10:25
– Клизмы. – Даймонд словно разговаривает сам с собой. – Орошение. Тимбукту нуждается в ирригационной системе так же, как и я. Наконечник для клизмы, драгоценный маленький ирригатор. Прозрачный кончик вырезан из горного хрусталя, трубка выточена из зеленого нефрита… – Он передергивается. – Могу поспорить, он холодный, как ледышка. Эта китайская императрица, наверное, была истинным драконом: засовывать такую сосульку себе в задницу! Материал наконечника – либо нефрит, либо хрусталь, либо и то, и другое – взаимодействует на молекулярном уровне с особым раствором Ямагучи. Ты заметила, этот старый лис умолчал о парочке компонентов? В результате раствор становится электрохимически активным, работает на подклеточном уровне. Хм-м… Если рак имеет вирусную природу, то в этом есть какой-то смысл. Вирусы обожают жир и сахар. А такие вещи, как шелушенный рис и брокколи, даже немодифицированные, приводят их в ужас. Они скорее умрут, чем будут есть эту гадость. Да уж… Так и мы, люди! Вспомни об этом, Гвендолин, в следующий раз, когда будешь заказывать жареные лягушачьи лапки. Если в тебе сидит вирус, он будет подзуживать: «Давай, давай! Заказывай! Покорми меня жирком! И про десерт не забудь, возьми шоколадный мусс! Вот вкуснятина!» Хотя, знаешь, в таком красивом теле не может сидеть вирус. Красоты вирусы тоже боятся. – Он приглаживает жесткие длинные волосы и хихикает, как ведьмак. – Ну ладно, драгоценный маленький жабенок, хватит болтать. На чем мы остановились?
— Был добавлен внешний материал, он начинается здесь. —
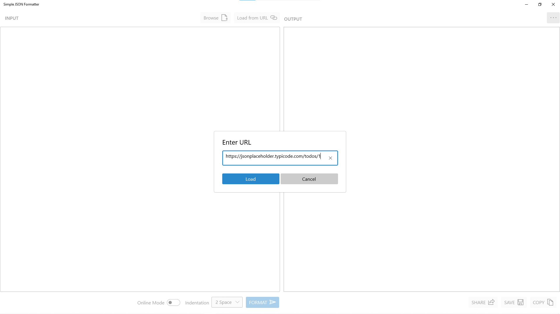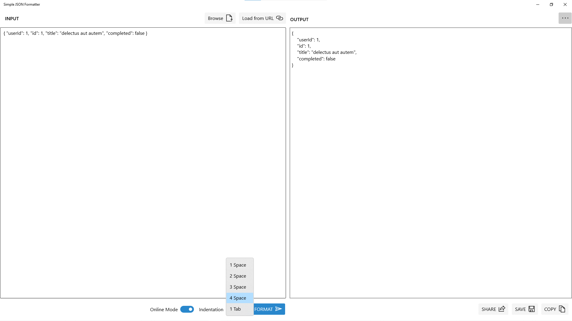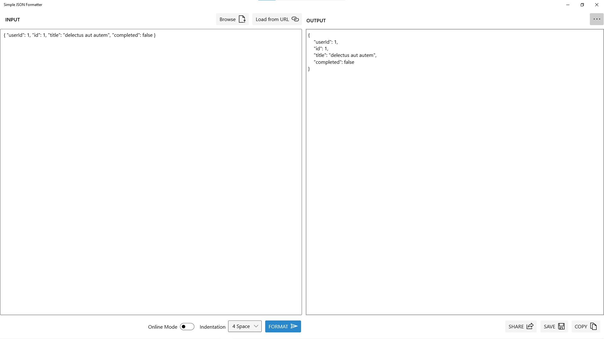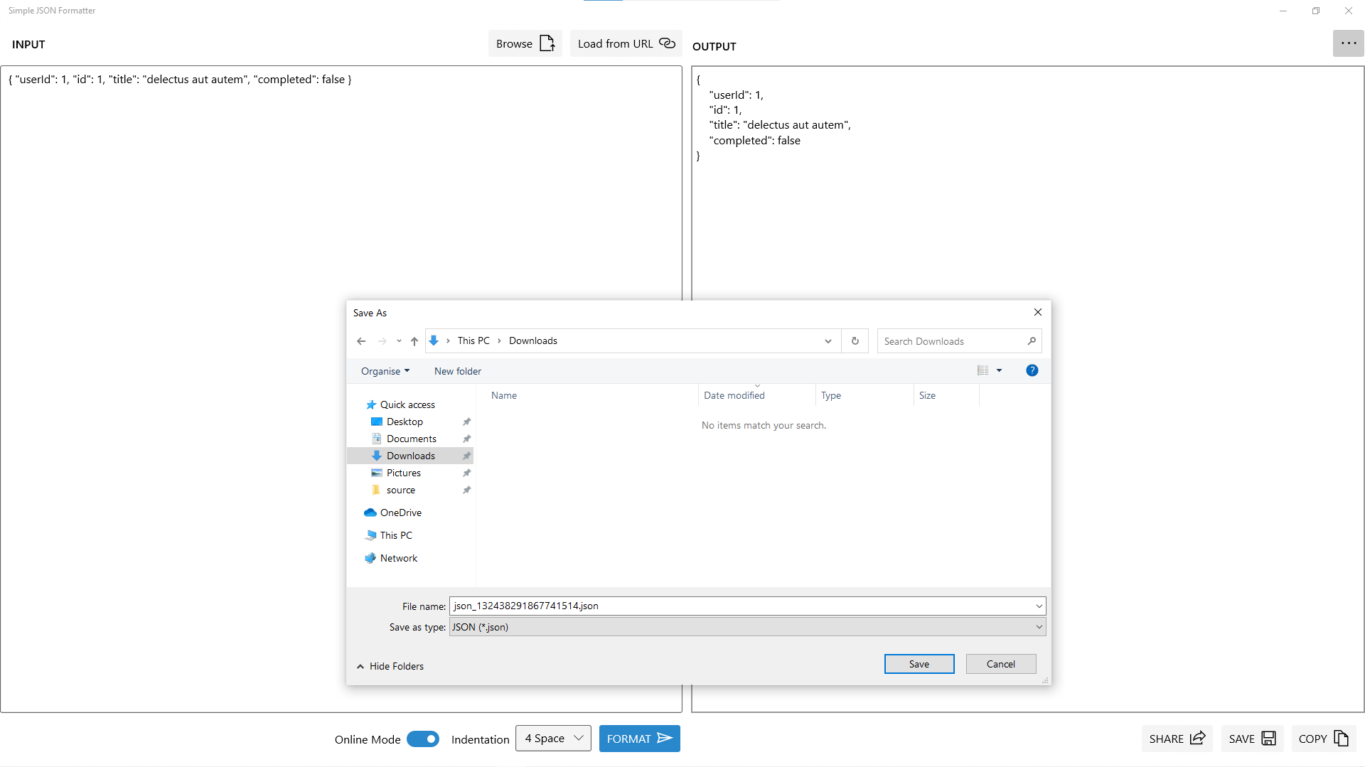 JSON FormatterSupports Online Mode for JSON FormattingSupports custom indentation for JSON outputSupports loading JSON input from URLSupports loading JSON input from Local DiskSupports saving output in Local DiskSupports sharing output through Windows 10 ShareSupports copy to Clipboard of outputSupports Acrylic Effects for UISupports both Dark Theme and Light Theme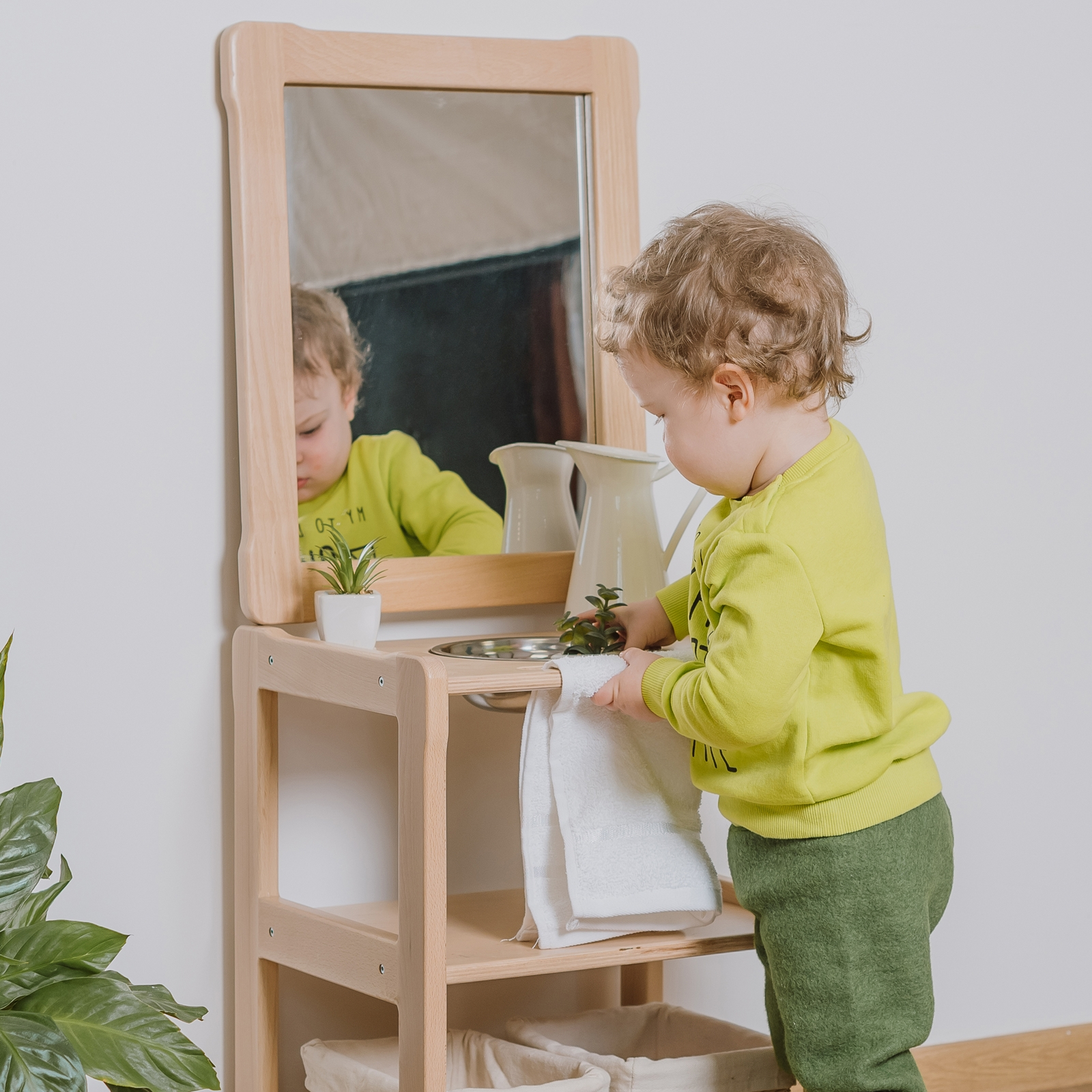 Mit dem Waschbecken lernt dein Kind Verantwortung für die eigene Hygiene zu übernehmen. Das Beobachten im Spiegel stärkt die Selbstwahrnehmung und unterstützt gleichzeitig motorische und kognitive Entwicklungsprozesse. Kleine Erfolgserlebnisse bei der Körperpflege fördern langfristig die Unabhängigkeit.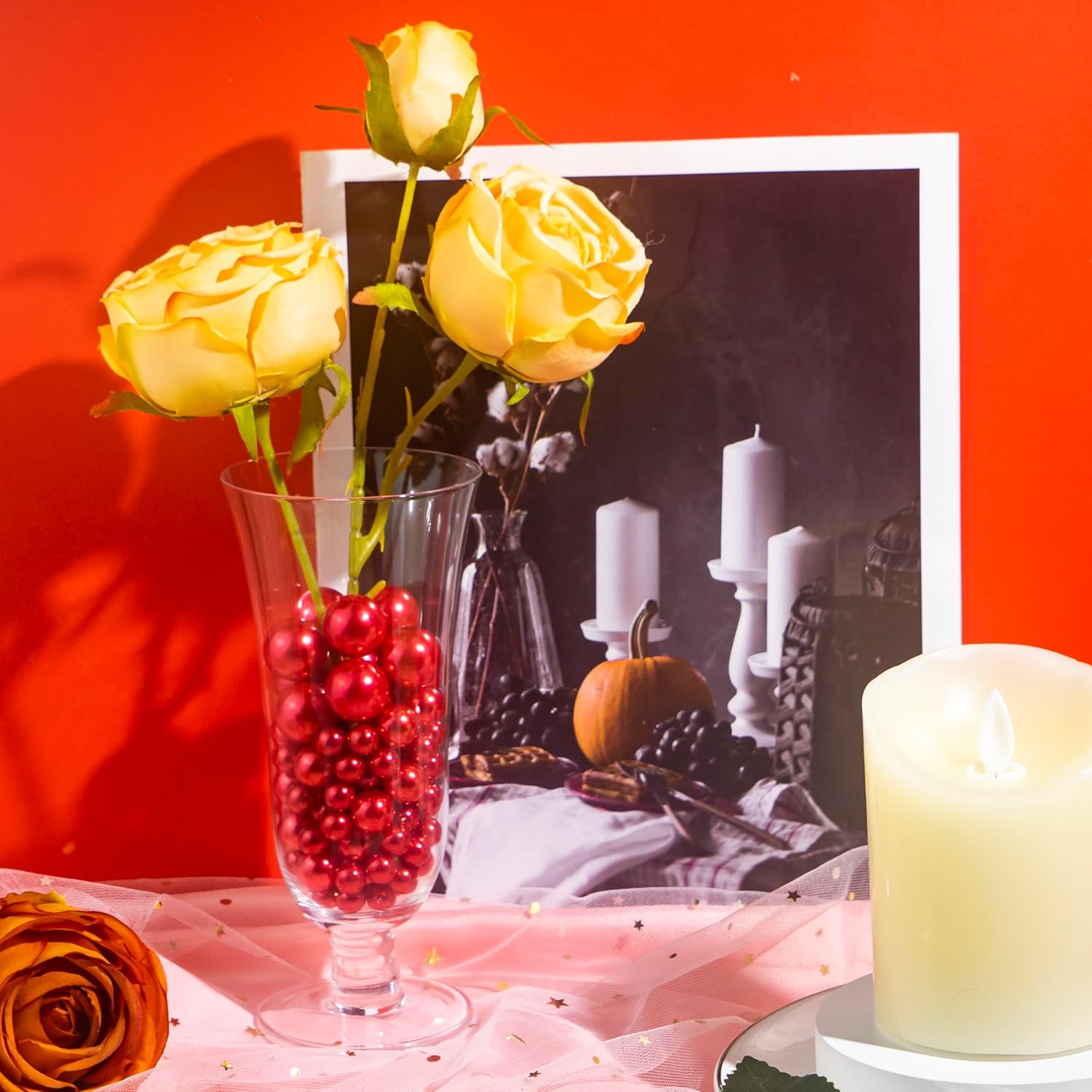 150Pcs Red Polished No Hole Faux Pearl Beads for Vase Filling Decorations, Plastic Pearls Vase Fillers, Table Scatters, Wedding Centerpiece, Home Decor, 8/14/20 mm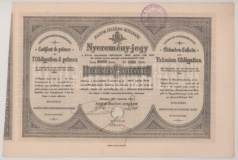 1908. Budapest "Magyar Jelzálog Hitelbank" nyeremény jegye "2883 068" T:XF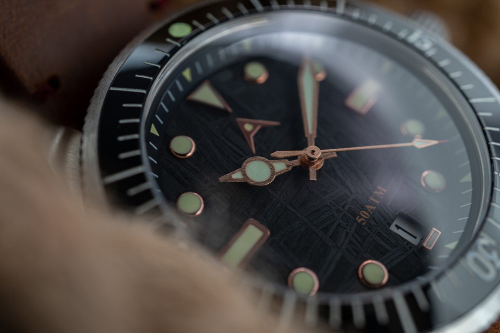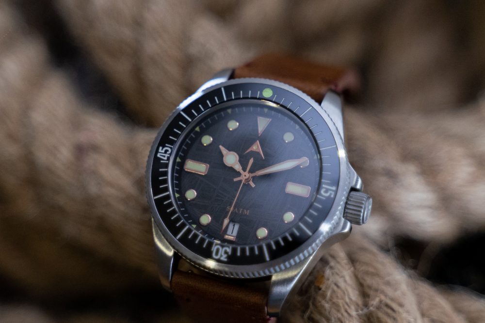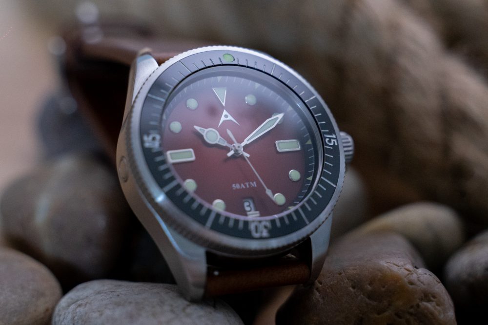 The Sea Hunt Dive Watch from Aerotec on Kickstarter (from £219) offers a highly distinctive design that is both eye-catching and useful for anyone seeking outdoor adventures. It is being offered in three different dial variations on Kickstarter and you can choose from three different dial colours – namely, blue or burgundy brushed or black Meteorite dial and each dial has its own distinct design advantages. Equipped with 3.3mm thick double domed sapphire glass, the double domed feature gives the watch a classy vintage look while still showing the dial from many angles. The crystal will have a double layer of Anti Reflective (AR) coating on the inside of the crystal to reduce reflections.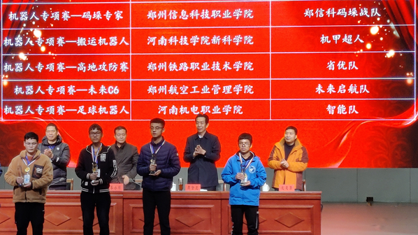 第七届河南省大学生机器人竞赛共有省内60所高校400多支代表队1200余名选手参赛。在各职能部门和教学单位的大力支持下,参赛队员们利用课余时间,积极准备、刻苦钻研、迎难而上,充分展现了beat365学生良好的专业技能水平和过硬的心理素质。此次参加高地攻防赛的机器人均由学生自行设计研发、组装、调试与操作,主要考验机器人自动布障机构、清障机构、攀爬机构及速胜机构的创新与设计。

Даймонд явно хочет продолжить, непонятно лишь, что именно: просмотр слайдов или секс? Вы кротко сидите, сдвинув коленки, а он прохаживается между софой и экраном, где застыл преподавательский состав университета Тимбукту, и ваши красные трусики торчат у него из заднего кармана, как судейский флажок.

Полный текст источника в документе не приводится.